Top Critical Infrastructure Threats in 2025

 
Sanjiv Cherian

Sanjiv Cherian, Cyber Security Director
Jul 28, 2025

  • LinkedIn

As digital technologies and physical infrastructure grow more interconnected, critical infrastructure sectors such as energy, healthcare, and transportation face heightened cybersecurity risks. These essential services have become attractive targets for sophisticated threat actors who want to disrupt national stability.

The blend of legacy operational systems, rapid IoT adoption, and rising geopolitical tensions has created a rapidly changing threat landscape for critical infrastructure that demands constant attention.

What is Critical National Infrastructure?


Critical infrastructure refers to the systems, assets, and networks that are essential to a nation's security, economic stability, and public well-being.
The main types of critical infrastructure sectors are:

  • Energy – Power generation, transmission, and fuel supply systems
  • Water – Treatment plants, wastewater systems, and distribution networks
  • Healthcare – Hospitals, emergency services, and pharmaceutical supply chains
  • Transportation – Railways, airports, seaports, and traffic control systems
  • Manufacturing – Industrial facilities that support national supply chains and defence
  • Communications – Telecom networks, satellites, and internet infrastructure
  • Finance – Banks, payment systems, and market infrastructure
  • Government Services – Defence, law enforcement, and emergency responseFood and Agriculture – Production, processing, and distribution systems


Unlike traditional IT environments, these sectors rely heavily on industrial control systems (ICS) and supervisory control and data acquisition (SCADA) platforms. Such technologies often prioritise uptime and safety over cybersecurity. This makes them prone to both cyber and physical attacks and introduces serious SCADA vulnerabilities and ICS security risks that attackers can exploit.

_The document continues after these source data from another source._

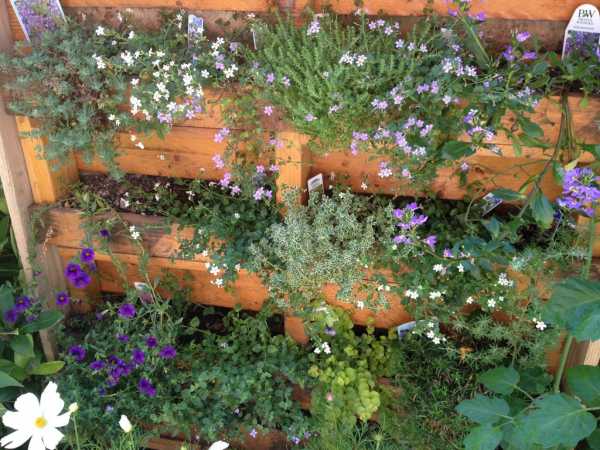 Также можно не обустраивать полок, а прикрепить ящики непосредственно к опоре. Для этого лучше всего подойдут контейнеры, задняя сторона которых образует прямой угол с основанием, что позволит надежно закрепить их на решетке. Можно взять старый поддон, затянуть его с внутренней стороны полиэтиленом, закрепить, установить и сделать прорези для цветов.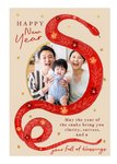 This greeting card design celebrates the Year of the Snake, featuring a red snake adorned with floral patterns wrapping around a circular photo upload area in the centre, with a gold frame accentuating the photo and gold decorative dots scattered throughout the beige background. The message combines elegant script and serif fonts, wishing clarity, success, and blessings for the new year.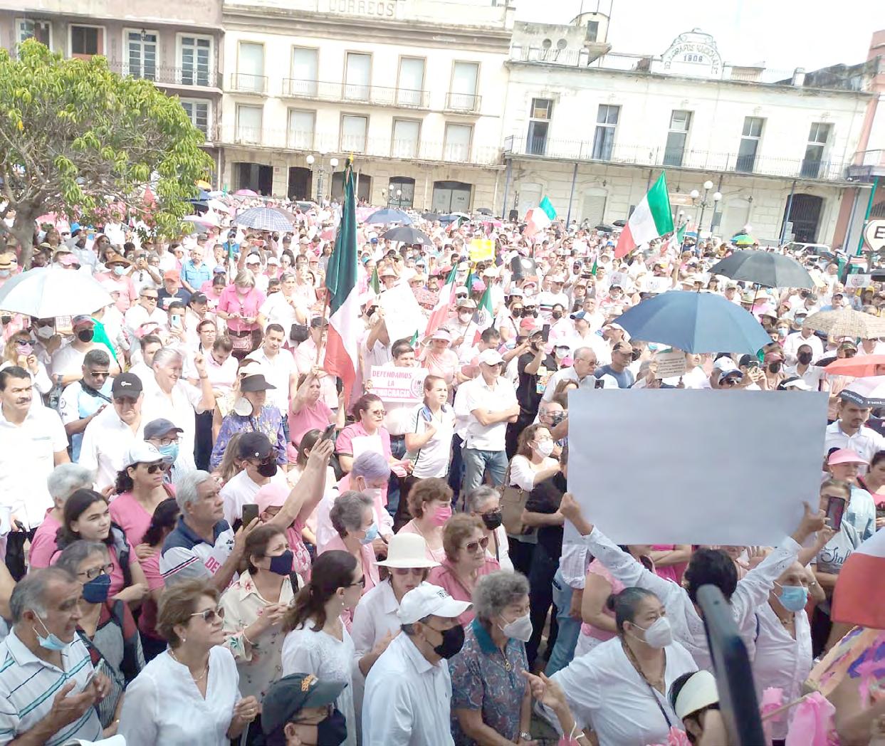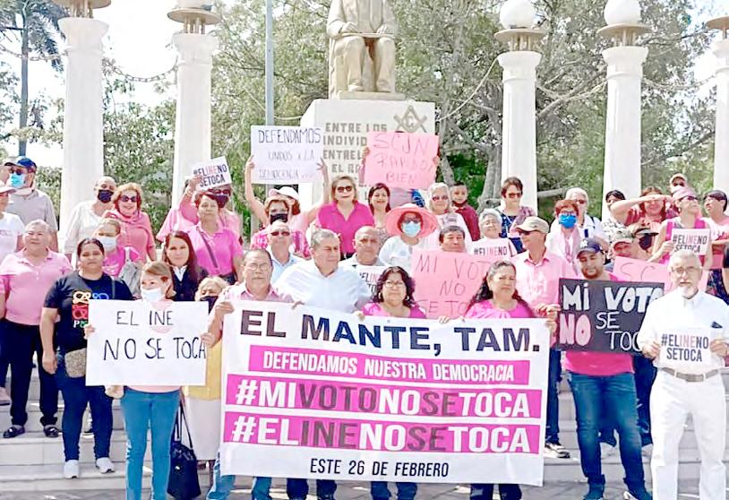 Miles de tampiqueños marcharon este domingo por la mañana desde las instalaciones del INE en la colonia Altavista hasta la plaza de la Libertad, donde se congregaron para manifestarse en contra de la aprobación del Plan B que propuso el presidente Andrés Manuel López Obrador, que consideran afecta al INE y a la democracia en el país.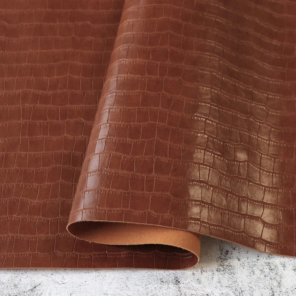 Saddle Brown Faux Crocodile Leather 1/2yds

Because these systems are so essential, even a short disruption can cause major problems like power cuts, unsafe water, delayed emergency services, or economic disruption. This makes critical infrastructure a high-value target for nation-state actors, cybercriminal groups, and hacktivists seeking to cause maximum harm or gain financially.

Top Critical Infrastructure Threats in 2025


The top critical infrastructure threats include ransomware targeting ICS/SCADA systems, nation-state cyber espionage campaigns, insider threats, vulnerable IoT/IIoT devices, hybrid physical-cyber attacks, supply chain attacks, legacy system exploits, and AI-driven attacks.

Ransomware Attacks on OT Systems


Ransomware attacks on critical infrastructure have come a long way from being merely tools for data theft. They are now being used to cause large-scale disruptions.

Modern ransomware strains now target ICS and SCADA systems directly. They focus on components like programmable logic controllers (PLCs) and human-machine interfaces (HMIs) to shut down OT systems entirely. Operational technology threats affect industrial sectors a great deal.  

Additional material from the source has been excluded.